◆ **Extracted entries**:
Segment Open

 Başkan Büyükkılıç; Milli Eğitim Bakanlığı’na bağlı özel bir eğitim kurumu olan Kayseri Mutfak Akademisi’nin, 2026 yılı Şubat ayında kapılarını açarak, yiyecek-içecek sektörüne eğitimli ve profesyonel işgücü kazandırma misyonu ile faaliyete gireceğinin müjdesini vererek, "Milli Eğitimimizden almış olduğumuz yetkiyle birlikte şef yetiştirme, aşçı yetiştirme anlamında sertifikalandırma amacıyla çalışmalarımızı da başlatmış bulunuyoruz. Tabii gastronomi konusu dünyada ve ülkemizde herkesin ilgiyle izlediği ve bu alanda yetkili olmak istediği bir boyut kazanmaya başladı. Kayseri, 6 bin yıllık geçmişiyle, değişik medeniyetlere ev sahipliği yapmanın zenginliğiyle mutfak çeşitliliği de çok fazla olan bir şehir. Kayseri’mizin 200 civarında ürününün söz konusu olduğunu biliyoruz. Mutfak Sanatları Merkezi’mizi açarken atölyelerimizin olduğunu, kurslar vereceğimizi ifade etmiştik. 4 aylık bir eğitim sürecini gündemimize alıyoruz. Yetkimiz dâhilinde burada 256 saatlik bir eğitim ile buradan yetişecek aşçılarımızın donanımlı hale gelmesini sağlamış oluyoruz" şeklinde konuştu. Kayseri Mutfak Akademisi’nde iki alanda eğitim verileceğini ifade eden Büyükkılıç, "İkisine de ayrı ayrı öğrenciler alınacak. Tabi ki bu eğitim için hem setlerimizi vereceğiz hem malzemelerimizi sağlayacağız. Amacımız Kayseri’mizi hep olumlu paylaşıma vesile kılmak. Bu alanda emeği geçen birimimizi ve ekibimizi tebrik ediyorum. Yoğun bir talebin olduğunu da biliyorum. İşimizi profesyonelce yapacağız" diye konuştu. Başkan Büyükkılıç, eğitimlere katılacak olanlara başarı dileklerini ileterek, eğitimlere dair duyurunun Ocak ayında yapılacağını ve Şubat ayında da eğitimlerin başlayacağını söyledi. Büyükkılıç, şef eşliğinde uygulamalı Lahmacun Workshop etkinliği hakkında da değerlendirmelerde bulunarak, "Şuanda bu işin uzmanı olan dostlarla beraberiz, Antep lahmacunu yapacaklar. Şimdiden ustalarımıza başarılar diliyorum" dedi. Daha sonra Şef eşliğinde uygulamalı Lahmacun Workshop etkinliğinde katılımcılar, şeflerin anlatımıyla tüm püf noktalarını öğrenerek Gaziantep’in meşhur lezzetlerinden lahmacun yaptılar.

Segment Closed
Segment Open

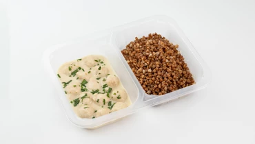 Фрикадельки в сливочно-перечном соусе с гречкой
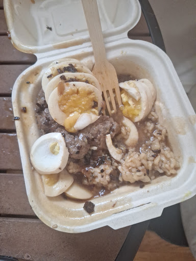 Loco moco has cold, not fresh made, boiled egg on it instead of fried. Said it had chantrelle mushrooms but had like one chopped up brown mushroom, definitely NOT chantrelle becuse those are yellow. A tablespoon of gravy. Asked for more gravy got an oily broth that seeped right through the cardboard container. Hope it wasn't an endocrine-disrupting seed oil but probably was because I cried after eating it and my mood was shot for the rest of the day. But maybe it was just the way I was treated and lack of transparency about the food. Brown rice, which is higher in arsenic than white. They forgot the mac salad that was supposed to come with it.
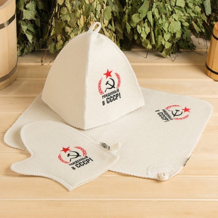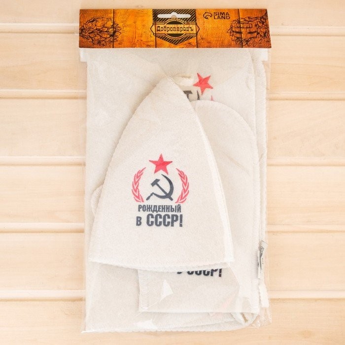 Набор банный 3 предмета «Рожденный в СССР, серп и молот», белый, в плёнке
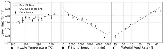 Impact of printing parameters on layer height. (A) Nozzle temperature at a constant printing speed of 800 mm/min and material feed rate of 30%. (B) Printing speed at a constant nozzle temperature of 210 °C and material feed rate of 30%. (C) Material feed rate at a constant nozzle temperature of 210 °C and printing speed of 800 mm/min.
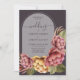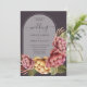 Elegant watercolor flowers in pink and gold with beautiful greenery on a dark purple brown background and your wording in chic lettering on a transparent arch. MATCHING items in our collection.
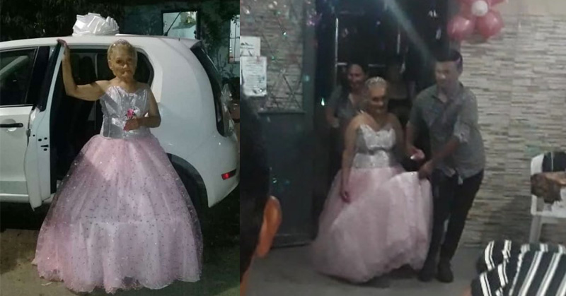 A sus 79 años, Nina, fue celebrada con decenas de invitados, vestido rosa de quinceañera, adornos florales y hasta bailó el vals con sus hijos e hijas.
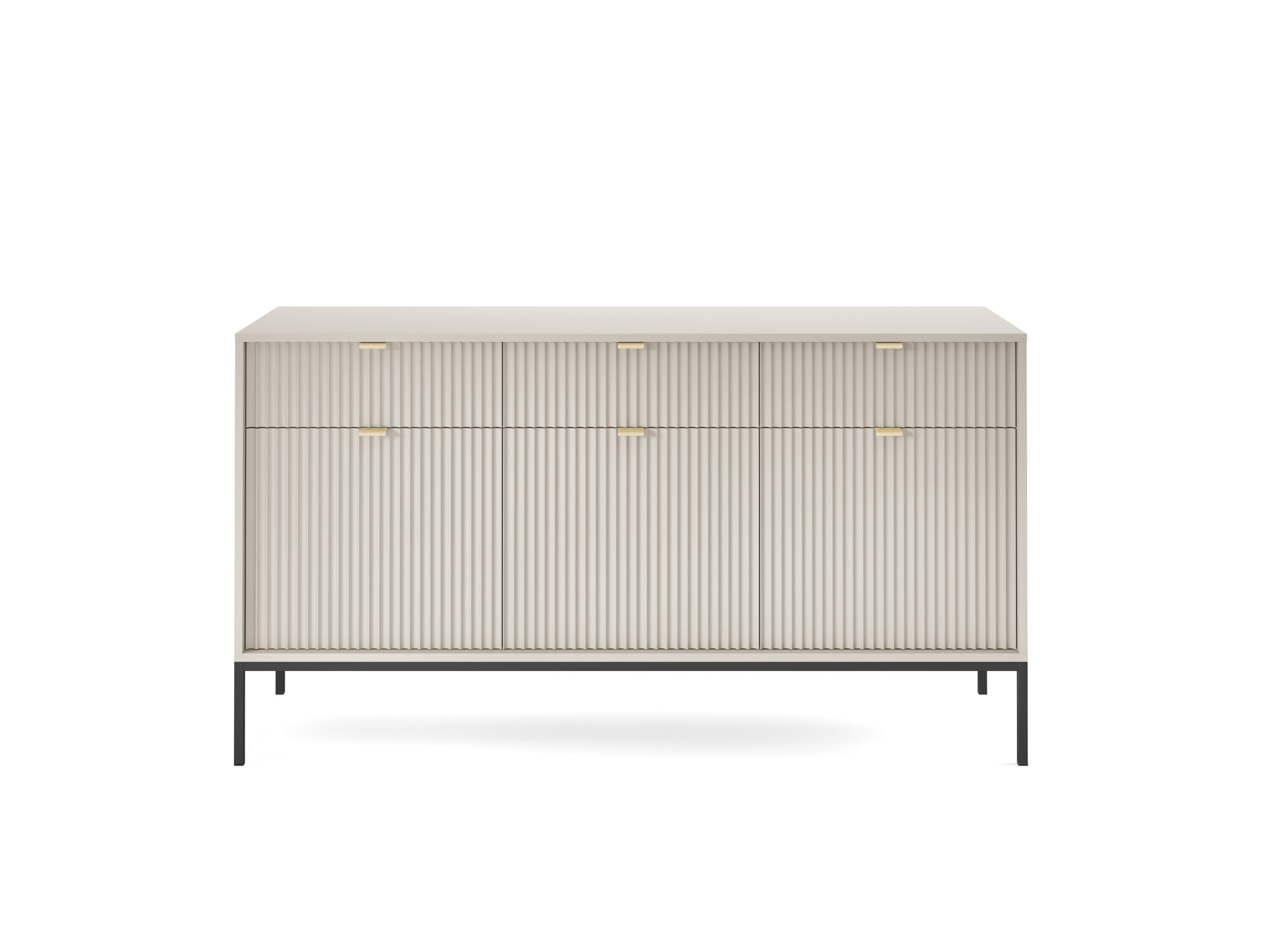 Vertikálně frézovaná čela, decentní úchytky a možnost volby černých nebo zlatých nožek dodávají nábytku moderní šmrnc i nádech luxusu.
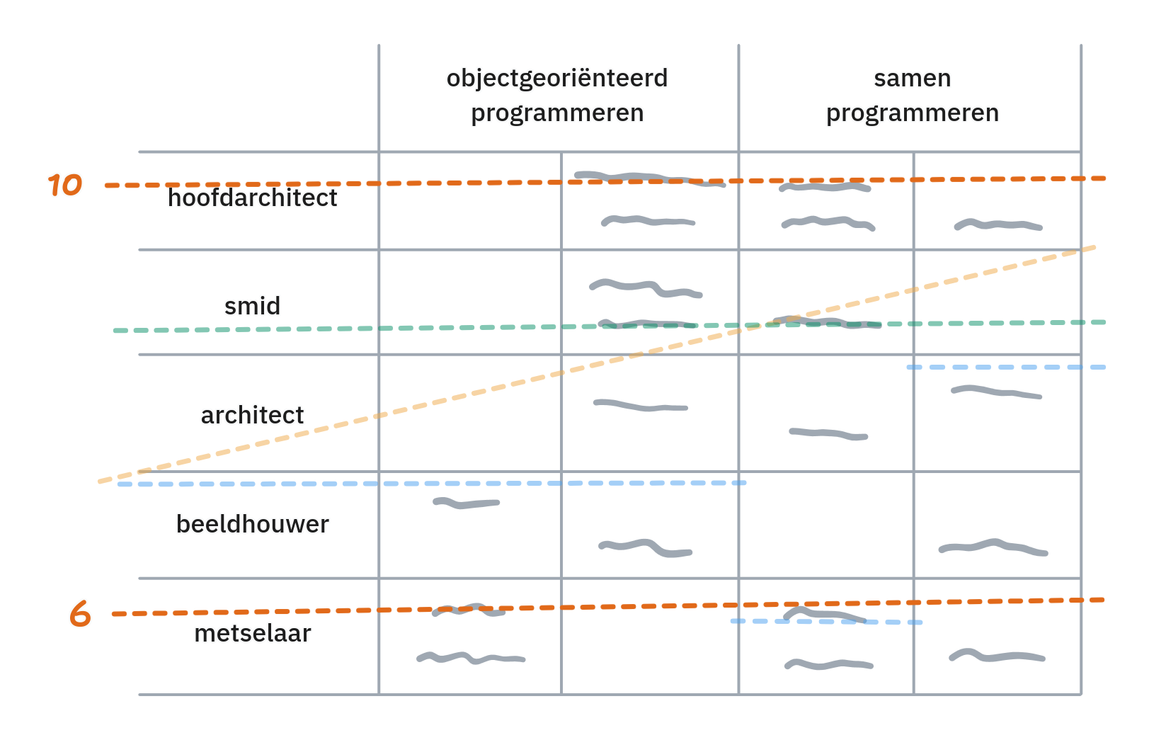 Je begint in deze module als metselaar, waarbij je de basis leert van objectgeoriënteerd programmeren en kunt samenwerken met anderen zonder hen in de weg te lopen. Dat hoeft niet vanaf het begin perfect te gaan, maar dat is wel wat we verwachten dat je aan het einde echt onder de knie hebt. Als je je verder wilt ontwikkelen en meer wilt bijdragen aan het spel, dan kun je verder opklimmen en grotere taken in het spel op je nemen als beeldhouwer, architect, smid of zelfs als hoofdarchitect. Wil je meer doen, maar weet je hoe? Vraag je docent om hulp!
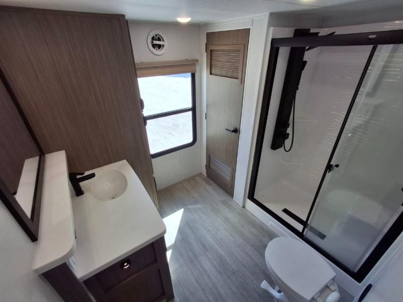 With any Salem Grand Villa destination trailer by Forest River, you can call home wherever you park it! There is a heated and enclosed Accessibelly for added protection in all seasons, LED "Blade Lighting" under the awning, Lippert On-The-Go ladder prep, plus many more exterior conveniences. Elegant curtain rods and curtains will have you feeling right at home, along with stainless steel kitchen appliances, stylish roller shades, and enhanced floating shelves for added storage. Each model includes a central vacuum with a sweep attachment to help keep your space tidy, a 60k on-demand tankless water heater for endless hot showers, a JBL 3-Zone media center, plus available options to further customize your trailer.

Segment Closed
Segment Open

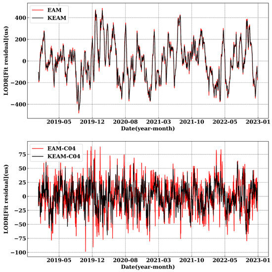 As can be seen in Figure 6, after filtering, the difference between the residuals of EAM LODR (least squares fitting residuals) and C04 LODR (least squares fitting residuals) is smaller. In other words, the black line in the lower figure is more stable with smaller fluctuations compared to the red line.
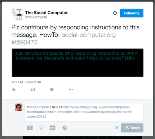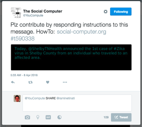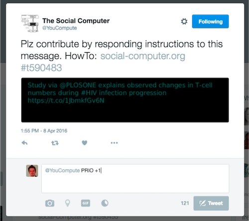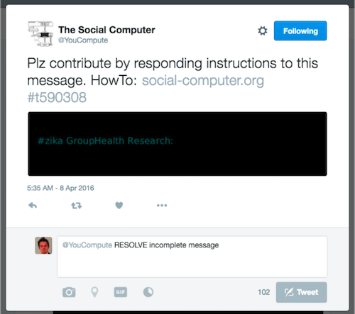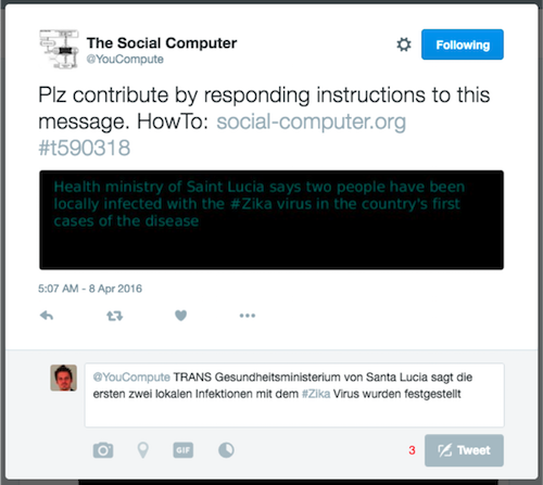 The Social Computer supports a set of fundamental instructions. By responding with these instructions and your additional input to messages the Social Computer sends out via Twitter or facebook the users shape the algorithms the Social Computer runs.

Segment Closed

◆ **Task to carry out**:
What lines above run from the one with "Impact of printing" to the one with "Vertikálně frézovaná čela, decentní"? Give them again exactly, ends included, and leave the pictures out.

◆ **Answer space**:
 Impact of printing parameters on layer height. (A) Nozzle temperature at a constant printing speed of 800 mm/min and material feed rate of 30%. (B) Printing speed at a constant nozzle temperature of 210 °C and material feed rate of 30%. (C) Material feed rate at a constant nozzle temperature of 210 °C and printing speed of 800 mm/min.
 Elegant watercolor flowers in pink and gold with beautiful greenery on a dark purple brown background and your wording in chic lettering on a transparent arch. MATCHING items in our collection.
 A sus 79 años, Nina, fue celebrada con decenas de invitados, vestido rosa de quinceañera, adornos florales y hasta bailó el vals con sus hijos e hijas.
 Vertikálně frézovaná čela, decentní úchytky a možnost volby černých nebo zlatých nožek dodávají nábytku moderní šmrnc i nádech luxusu.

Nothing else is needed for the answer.